Engineers use electricity to peek inside bridge cables for corrosion
By MARCENE ROBINSON
Originally Published December 5, 2013 in the UB Reporter
Rust is a civil engineer’s nightmare.
Across the United States, more than 200 million trips are taken daily across bridges rated structurally deficient or in need of significant maintenance and yearly inspection. One major culprit: corrosion of reinforcing steel.
Now, however, UB researchers believe they can detect corrosion before the damage becomes severe by sending a jolt of electricity between opposite ends of steel cables. An inconsistency in the charge would alert them that the cable is suffering from corrosion and the bridge is in danger of falling.
“The No. 1 priority of all civil engineers is the safety of the public,” says Tresor Mavinga, a UB senior civil engineering and mathematics major involved in the research. “Corrosion can affect any structure, not just bridges, and we don’t want that to happen. We need to be as accurate as possible to save money, time and lives.”

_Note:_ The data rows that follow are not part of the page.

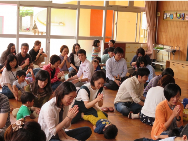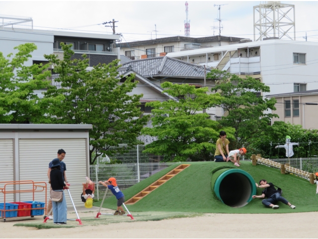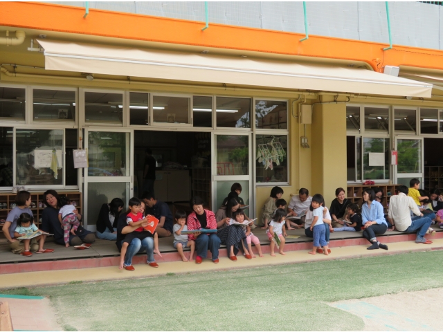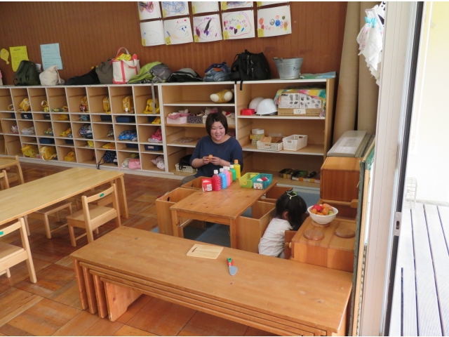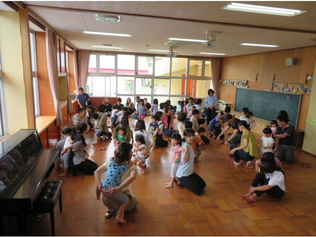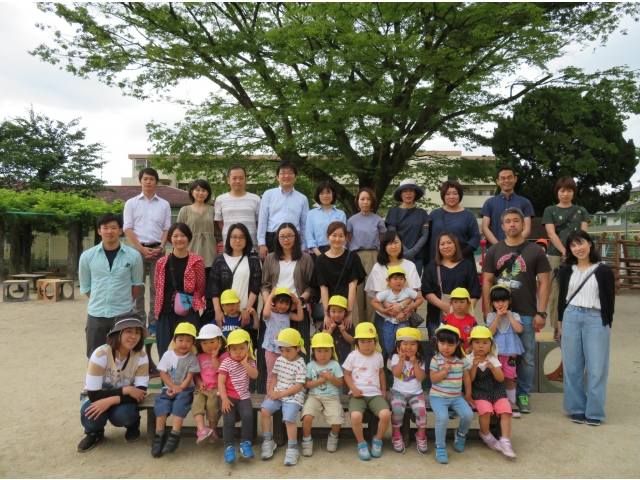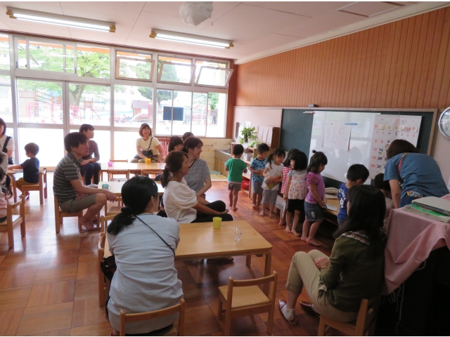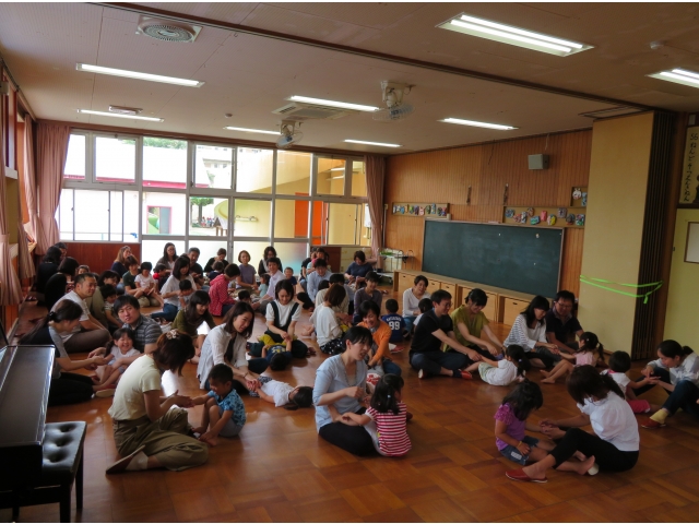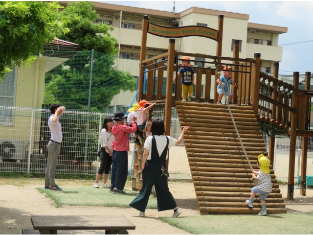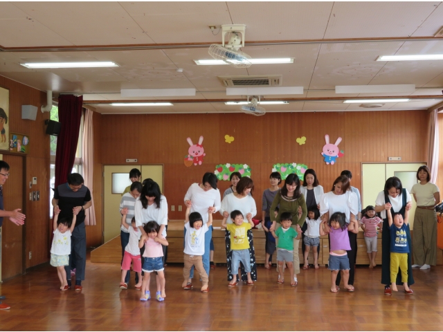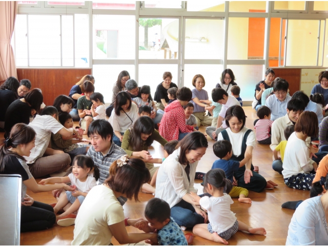 朝からお父さん、お母さんを好きな遊具へ誘い一緒に遊んだり、ふれあい遊びをしたり、給食を食べたりし、親子で楽しい時間を過ごしました。
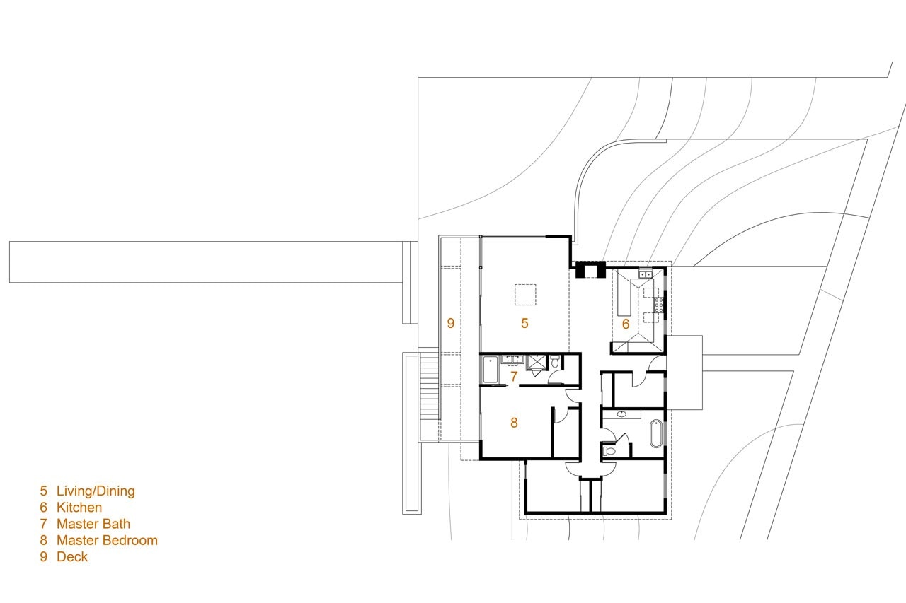 The living, dining, and master bedroom and bathroom areas were extended out from the back of the existing house within a contrasting wood-clad addition, forming a new carport underneath. The newly extended spaces have floor to ceiling glass walls, which let in an abundance of natural light and frame the expansive view.
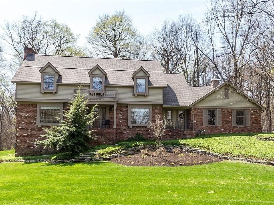 Country living within the city of Carmel. Almost 2 acre lot in Woodbrook Downs is wooded and rolling. Views of trees and the house on the hill. Has views everywhere. Estridge custom built featuring loads of hardwoods, master with office den, 2 fireplaces, sun room with great light, guest bedroom on lower level, 3 car garage. Interest in 24 acre nature preserve provides a unique opportunity for your private abode.
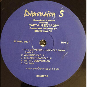 CAPTAIN ENTROPY (a participation journey for elementary and high-school people~-through the soul of space-ship earth--from principles of thermodynamics to folks like the American eagle) Created and totally performed by BRUCE HAACK." - from Original Liner Notes
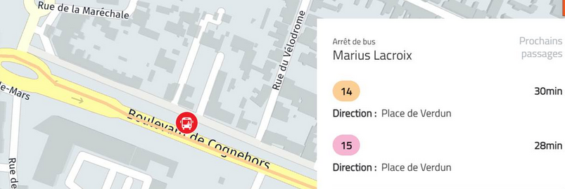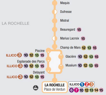 Ligne 14 : l’arrêt Marius Lacroix n’est desservi que dans le sens Place de Verdun, auquel cas les classes peuvent descendre à champ de Mars. Idem pour la ligne 15.

Led by Salvatore Salamone, assistant professor of civil engineering, Mavinga and Alireza Farhidzadeh, a civil engineering graduate student, embedded piezoelectric transducers — devices that convert a signal from one form of energy to another — onto each end of a wire.
They then fired one volt of electricity through the metal using ultrasonic-guided waves, which can travel a long distance with little loss in energy, while monitoring the charge received at each end. The experiment was repeated with the same wire after it was rusted with a saltwater mixture. Because the cables are corroded, most of the energy from the electrical charge will be lost during the transfer between transducers.
Since the sensors and transducers are permanently attached to the cable, engineers can test the wires remotely off-site.
The new method of testing could do away with time-consuming and expensive visual tests, which often rely on drilling through concrete to inspect the cables or spotting cracks in the concrete caused by increased stress on the weakened wires.
According to the Federal Highway Administration, corrosion problems have increased significantly over the past three decades and are likely to continue. The increase is in part due to the rising use of road de-icing salts, which are extremely corrosive to the protective films on metals.
The steel cable tendon, which is found in most bridges, is suspended above a saltwater mixture with ultrasonic sensors attached at both ends for corrosion monitoring. Photo: Marcene Robinson
Improved testing is a needed step toward improvement of American infrastructure.
U.S. bridges were graded a C-plus by the American Society of Civil Engineers in its 2013 Report Card for America’s Infrastructure. And of the more than 17,000 bridges in New York, 12.5 percent are structurally deficient and 27 percent are considered functionally obsolete.
The report adds that one out of nine of the nation’s bridges is structurally deficient and that more than 30 percent of bridges have exceeded their 50-year design life; the average age of the nation’s bridges is currently 42 years.